Theoretical Principles

Click here for a general introduction to IEML.

Abstract

IEML (Information Economy MetaLanguage) is a language with computable semantics that can be considered from three complementary points of view: linguistics, mathematics and computer science. From the linguistic point of view, it is a philological language, i.e. it can translate any natural language and is able to define its own words. Mathematically, it is a a category, i.e. an algebraic structure in isomorphic relation with a graph structure (a network of semantic relations between concepts). Finally, on the computing side, it functions as the indexing system of a virtual database and as a declarative programming language for semantic networks, ontologies and dataset labels. IEML solves a series of problems in the fields of artificial intelligence (labels for Machine Learning and ontologies for Knowledge Graphs) and knowledge management.

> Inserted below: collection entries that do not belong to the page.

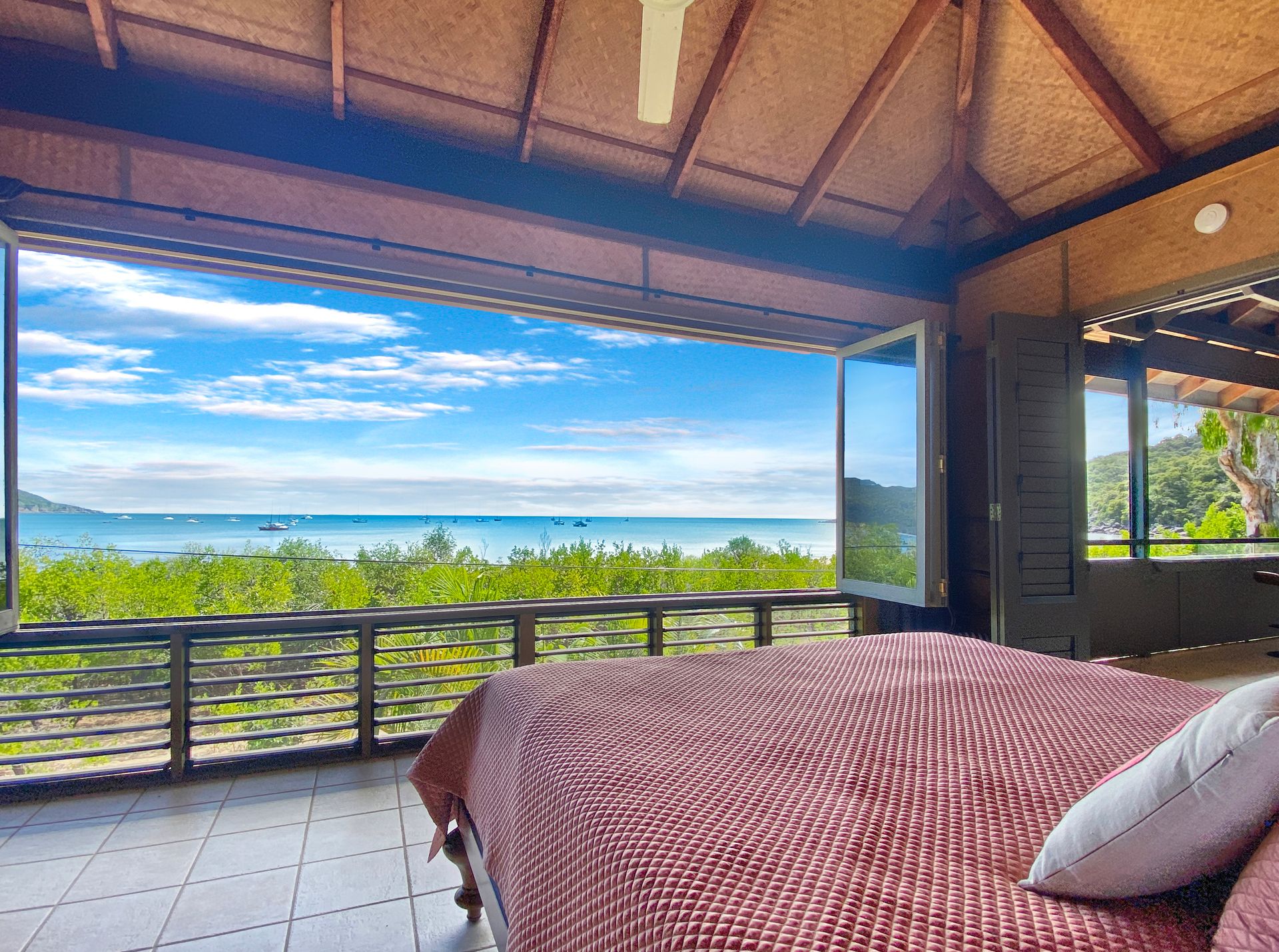 The master ensuite bedroom features a king bed and a stunning view of the Coral Sea, where you can watch the boats sailing by. A true piece of paradise!
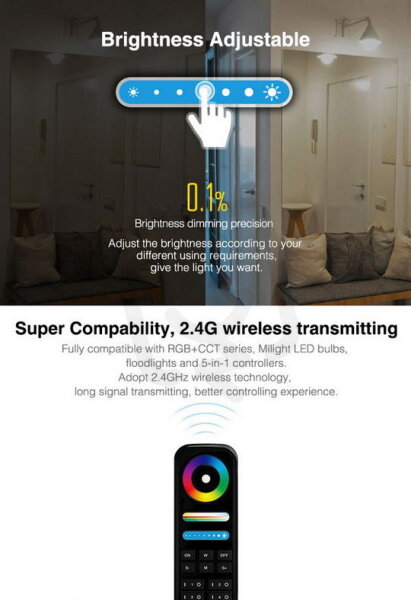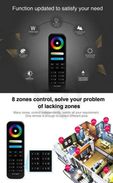 - Lze ovládat všechny typy LED pásků - jednobarevné, CCT, RGB, RGBW i RGB+CCT.
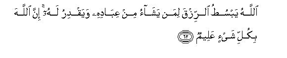 62. Allahu yabsutu alrrizqa liman yashao min AAibadihi wayaqdiru lahu inna Allaha bikulli shay-in AAaleemun
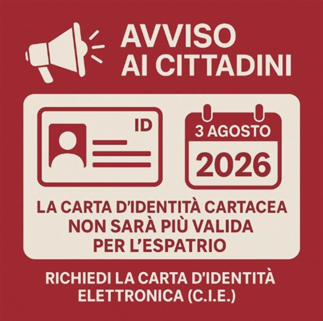 A parziale modifica di quanto già comunicato si informa che il dipartimento della funzione pubblica sentiti gli uffici competenti ha reso noto con circolare n 76 che la carta di identità cartacea a far data dal 03/08/2026 cesserà di essere valida anche all'interno degli stati membri dell'unione Europea.
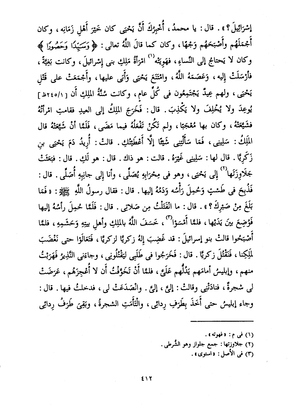 إِسْرَائِيلَ؟ قَالَ: يَا مُحَمَّدُ، أُخْبِرُكَ أَنَّ يَحْيَى كَانَ خَيْرَ أَهْلِ زَمَانِهِ، وَكَانَ أَجْمَلَهُمْ، وَأَصْبَحَهُمْ وَجْهًا، وَكَانَ كَمَا قَالَ اللَّهُ تَعَالَى: {سَيِّدًا وَحَصُورًا} [آل عمران: 39] وَكَانَ لَا يَحْتَاجُ إِلَى النِّسَاءِ، فَهَوِيَتْهُ امْرَأَةُ مَلِكِ بَنِي إِسْرَائِيلَ، وَكَانَتْ بَغِيَّةً، فَأَرْسَلَتْ إِلَيْهِ، وَعَصَمَهُ اللَّهُ، وَامْتَنَعَ يَحْيَى وَأَبَى عَلَيْهَا، وَأَجْمَعَتْ عَلَى قَتْلِ يَحْيَى، وَلَهُمْ عِيدٌ يَجْتَمِعُونَ فِي كُلِّ عَامٍ، وَكَانَتْ سُنَّةُ الْمَلِكَ أَنْ يُوعِدَ وَلَا يُخْلِفَ وَلَا يَكْذِبَ. قَالَ: فَخَرَجَ الْمَلِكُ إِلَى الْعِيدِ فَقَامَتِ امْرَأَتُهُ فَشَيَّعَتْهُ، وَكَانَ بِهَا مُعْجَبًا، وَلَمْ تَكُنْ تَفْعَلُهُ فِيمَا مَضَى، فَلَمَّا أَنْ شَيَّعَتْهُ قَالَ الْمَلِكُ: سَلِينِي، فَمَا سَأَلْتِنِي شَيْئًا إِلَّا أَعْطَيْتُكِ. قَالَتْ: أُرِيدُ دَمَ يَحْيَى بْنِ زَكَرِيَّا. قَالَ لَهَا: سَلِينِي غَيْرَهُ. قَالَتْ: هُوَ ذَاكَ. قَالَ: هُوَ لَكِ. قَالَ: فَبَعَثَتْ جَلَاوِزَتَهَا إِلَى يَحْيَى، وَهُوَ فِي مِحْرَابِهِ يُصَلِّي، وَأَنَا إِلَى جَانِبِهِ أُصَلِّي. قَالَ: فَذُبِحَ فِي طَسْتٍ وَحُمِلَ رَأْسُهُ وَدَمُهُ إِلَيْهَا. قَالَ: فَقَالَ رَسُولُ اللَّهِ صَلَّى اللَّهُ عَلَيْهِ وَسَلَّمَ: فَمَا بَلَغَ مِنْ صَبْرِكَ؟ قَالَ: مَا انْفَتَلْتُ مِنْ صَلَاتِي. قَالَ: فَلَمَّا حُمِلَ رَأْسُهُ إِلَيْهَا، فَوُضِعَ بَيْنَ يَدَيْهَا، فَلَمَّا أَمْسَوْا خَسَفَ اللَّهُ بِالْمَلِكِ وَأَهْلِ بَيْتِهِ وَحَشَمِهِ، فَلَمَّا أَصْبَحُوا قَالَتْ بَنُو إِسْرَائِيلَ: قَدْ غَضِبَ إِلَهُ زَكَرِيَّا لِزَكَرِيَّا، فَتَعَالَوْا حَتَّى نَغْضَبَ لِمَلِكِنَا، فَنَقْتُلَ زَكَرِيَّا. قَالَ: فَخَرَجُوا فِي طَلَبِي لِيَقْتُلُونِي، وَجَاءَنِي النَّذِيرُ فَهَرَبْتُ مِنْهُمْ، وَإِبْلِيسُ أَمَامَهُمْ يَدُلُّهُمْ عَلَيَّ، فَلَمَّا تَخَوَّفْتُ أَنْ لَا أُعْجِزَهُمْ، عَرَضَتْ لِي شَجَرَةٌ فَنَادَتْنِي وَقَالَتْ: إِلَيَّ إِلَيَّ. وَانْصَدَعَتْ لِي فَدَخَلْتُ فِيهَا. قَالَ: وَجَاءَ إِبْلِيسُ حَتَّى أَخَذَ بِطَرَفِ رِدَائِي، وَالْتَأَمَتِ الشَّجَرَةُ، وَبَقِيَ طَرَفُ رِدَائِي
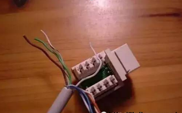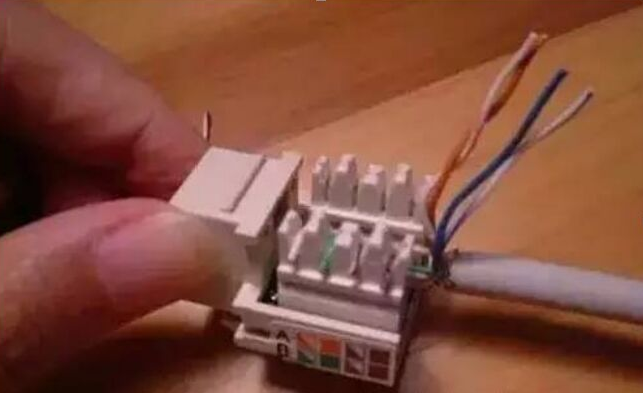 2、開始打線,先不要拆開各線對,在將相應線對預先壓入打線柱時才拆開。按照信息模塊上所指示的色標選擇我們偏好的線序模式(在一個布線系統中最好只統一采用一種線序模式,否則接亂了,網絡不通則很難查)。

The Problem of Coding Linguistic Meaning

There is currently no way in computer science to code the linguistic meaning in a uniform and computable way, as we can, for example, code images by the way of pixels or vectors. In order to represent meaning, we are still using natural languages, which are notoriously multiple, changing, and ambiguous. With the notable exception of number notation and mathematical codes, our writing systems are primarily designed to represent sounds. Their representation of categories or concepts is indirect (characters → sound → concepts) and difficult for computers to grasp. Computers can handle syntax (the regular arrangement of characters), but their handling of semantics remains imperfect and laborious. Despite the success of machine translation (Deep L, Google translate) and automatic text generation (GPT3, ChatGPT, etc.), computers don’t really understand the meaning of the texts they read or write.

Many advances in computer science come from the discovery of a relevant coding system in order to make the coded object (number, image, sound, etc.) easily computable. Now we want to make concepts or categories – linguistic meaning – systematically computable.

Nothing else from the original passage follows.